• _Problem to solve_: Output the listing word for word, minus pictures.

• _Records to use_:

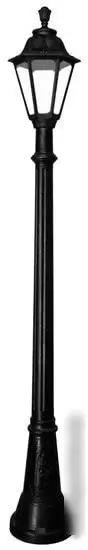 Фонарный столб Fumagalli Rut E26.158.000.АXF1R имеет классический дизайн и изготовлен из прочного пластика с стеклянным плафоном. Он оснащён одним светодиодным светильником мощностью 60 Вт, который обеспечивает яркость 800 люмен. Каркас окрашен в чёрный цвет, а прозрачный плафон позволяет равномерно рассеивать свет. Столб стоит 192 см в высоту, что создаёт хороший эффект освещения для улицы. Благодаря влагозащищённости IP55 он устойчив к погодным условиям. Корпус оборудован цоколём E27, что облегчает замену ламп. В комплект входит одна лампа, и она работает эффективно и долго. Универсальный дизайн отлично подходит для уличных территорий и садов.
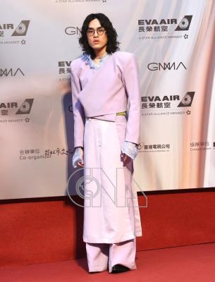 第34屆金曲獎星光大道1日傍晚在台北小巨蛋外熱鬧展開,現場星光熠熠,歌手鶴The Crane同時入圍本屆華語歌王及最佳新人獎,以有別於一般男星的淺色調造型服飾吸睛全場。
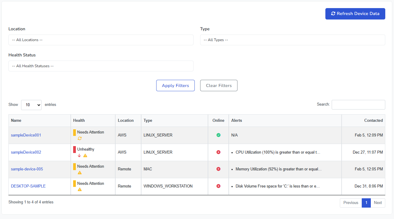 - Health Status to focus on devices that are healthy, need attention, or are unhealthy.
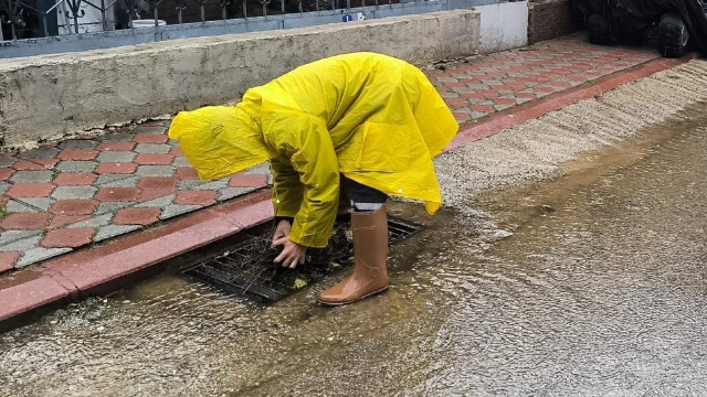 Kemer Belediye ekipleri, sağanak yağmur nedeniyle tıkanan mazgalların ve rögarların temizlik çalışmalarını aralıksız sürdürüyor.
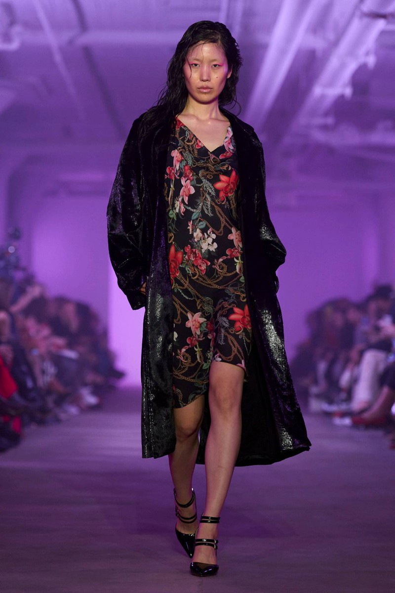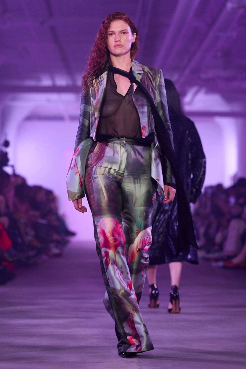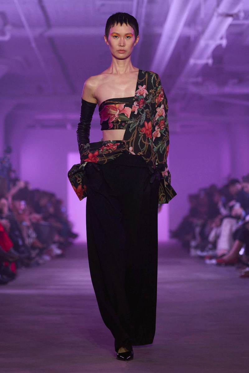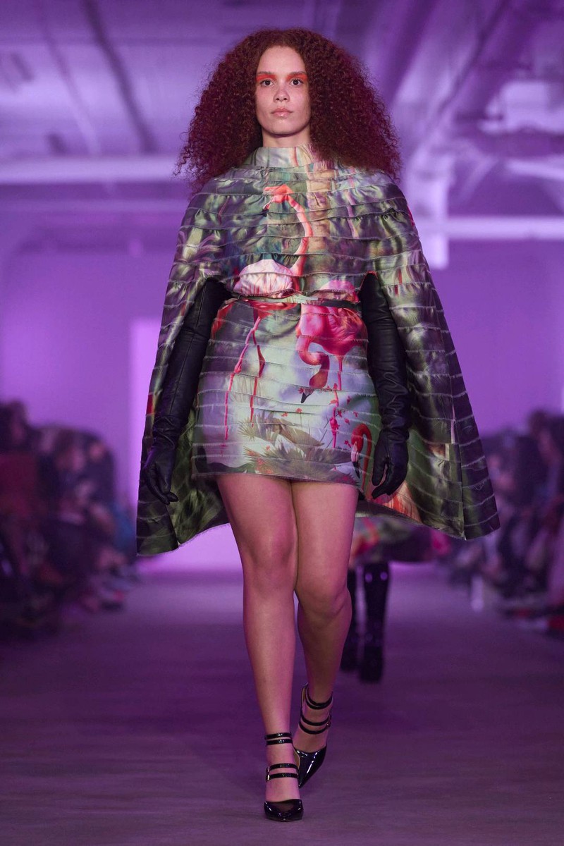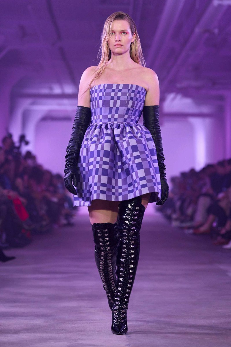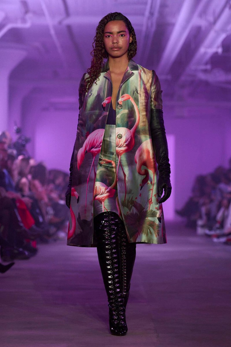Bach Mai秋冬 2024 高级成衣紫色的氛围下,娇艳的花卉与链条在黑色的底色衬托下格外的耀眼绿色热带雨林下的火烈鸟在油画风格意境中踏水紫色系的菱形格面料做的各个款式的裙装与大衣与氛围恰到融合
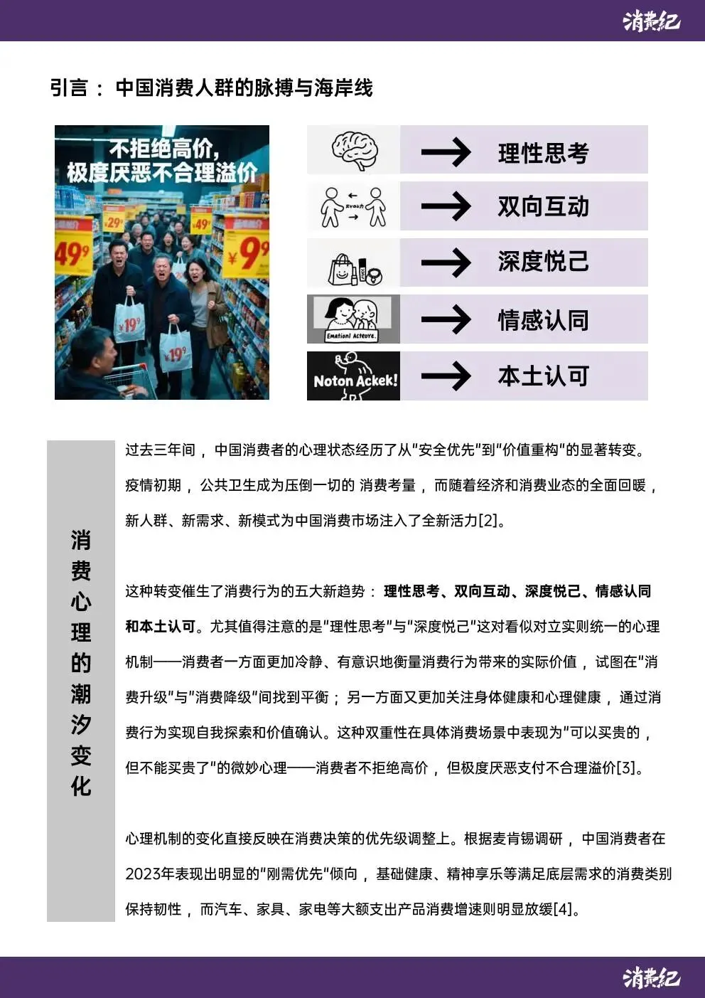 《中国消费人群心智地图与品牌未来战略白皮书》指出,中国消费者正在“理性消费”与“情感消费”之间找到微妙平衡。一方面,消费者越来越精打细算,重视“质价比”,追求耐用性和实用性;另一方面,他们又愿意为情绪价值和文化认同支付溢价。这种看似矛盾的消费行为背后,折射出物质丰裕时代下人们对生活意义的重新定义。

• _Task solution_:
 Фонарный столб Fumagalli Rut E26.158.000.АXF1R имеет классический дизайн и изготовлен из прочного пластика с стеклянным плафоном. Он оснащён одним светодиодным светильником мощностью 60 Вт, который обеспечивает яркость 800 люмен. Каркас окрашен в чёрный цвет, а прозрачный плафон позволяет равномерно рассеивать свет. Столб стоит 192 см в высоту, что создаёт хороший эффект освещения для улицы. Благодаря влагозащищённости IP55 он устойчив к погодным условиям. Корпус оборудован цоколём E27, что облегчает замену ламп. В комплект входит одна лампа, и она работает эффективно и долго. Универсальный дизайн отлично подходит для уличных территорий и садов.
 第34屆金曲獎星光大道1日傍晚在台北小巨蛋外熱鬧展開,現場星光熠熠,歌手鶴The Crane同時入圍本屆華語歌王及最佳新人獎,以有別於一般男星的淺色調造型服飾吸睛全場。
 - Health Status to focus on devices that are healthy, need attention, or are unhealthy.
 Kemer Belediye ekipleri, sağanak yağmur nedeniyle tıkanan mazgalların ve rögarların temizlik çalışmalarını aralıksız sürdürüyor.
Bach Mai秋冬 2024 高级成衣紫色的氛围下,娇艳的花卉与链条在黑色的底色衬托下格外的耀眼绿色热带雨林下的火烈鸟在油画风格意境中踏水紫色系的菱形格面料做的各个款式的裙装与大衣与氛围恰到融合
 《中国消费人群心智地图与品牌未来战略白皮书》指出,中国消费者正在“理性消费”与“情感消费”之间找到微妙平衡。一方面,消费者越来越精打细算,重视“质价比”,追求耐用性和实用性;另一方面,他们又愿意为情绪价值和文化认同支付溢价。这种看似矛盾的消费行为背后,折射出物质丰裕时代下人们对生活意义的重新定义。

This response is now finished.